Um polinômio de Taylor é construído a partir das derivadas em um único ponto, por isso capta a geometria local da função exatamente ali. Mais longe, os mesmos coeficientes podem deixar de descrever bem a função: o erro depende da suavidade da função, do grau e do raio de convergência.

Reconstruir uma curva derivada a derivada 🖖

Esta ferramenta reconstrói uma função curva usando apenas somas, multiplicações e potências — as operações que um processador realmente sabe executar. O termo de grau 0 iguala a altura da função no centro, o de grau 1 a sua inclinação, o de grau 2 a sua curvatura, e cada termo seguinte fixa mais uma derivada. Aumente o grau n e observe o polinômio tracejado se ajustar cada vez mais à curva contínua perto do centro a.

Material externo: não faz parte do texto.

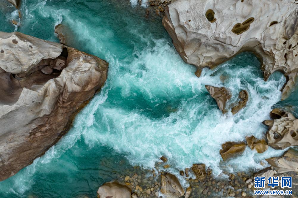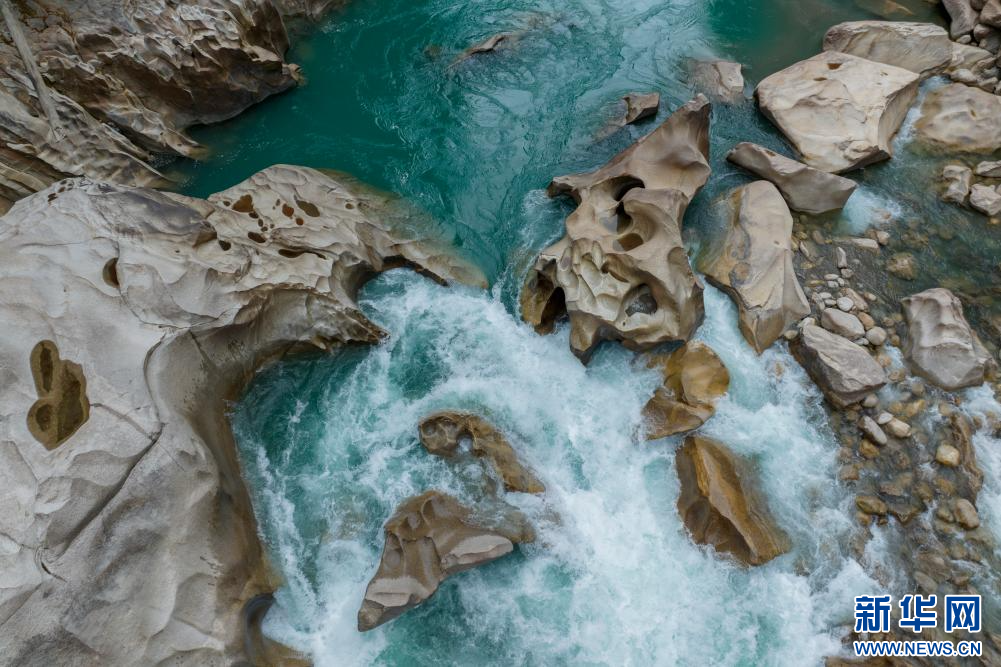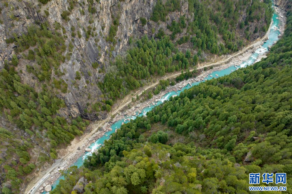 4月5日,在嘉黎县境内拍摄的“水磨岩”峡谷景观(无人机照片)。 新华网 旦增努布 摄
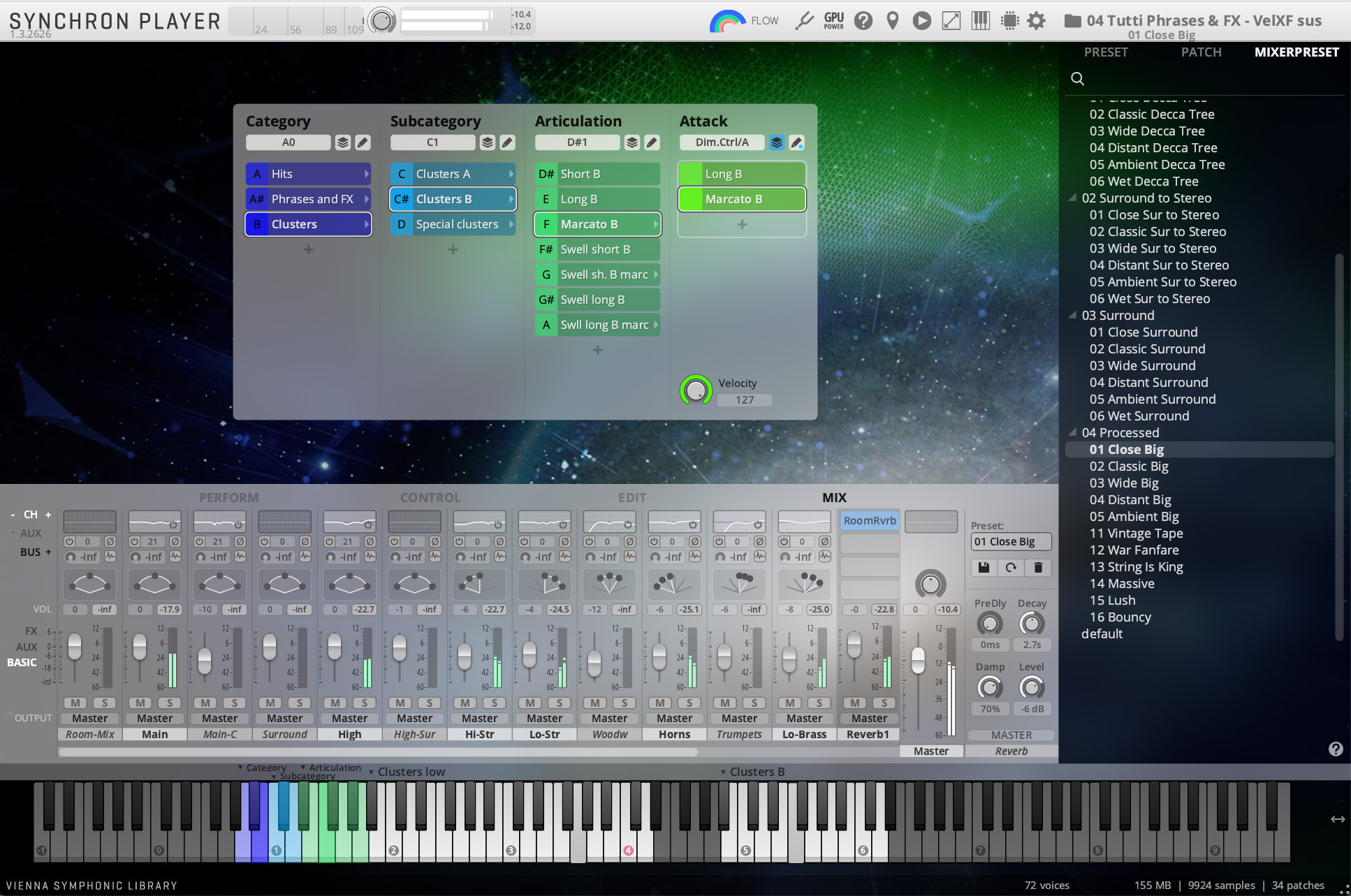 Synchron Playerでは、トゥッティ、セクション、またはそれらをミックスした構成を簡単に切り替えることができ、すべてのパッチが他のBig Bang Orchestraライブラリともシームレスに融合します。

Quando a suavidade ainda não basta 🖖

Seria de esperar que uma função infinitamente suave fosse sempre capturada por um polinômio de Taylor de grau suficiente — mas isso não é garantido. O contraexemplo clássico é f(x)=e−1/x² (com f(0)=0): todas as derivadas em 0 valem zero, então o seu polinômio de Taylor em torno de 0 é 0 em qualquer grau, embora a função seja positiva em todo o resto. Acrescentar termos nunca ajuda. Ser 'suave' (todas as derivadas existem) é mais fraco do que ser 'analítica' (igual à sua própria série).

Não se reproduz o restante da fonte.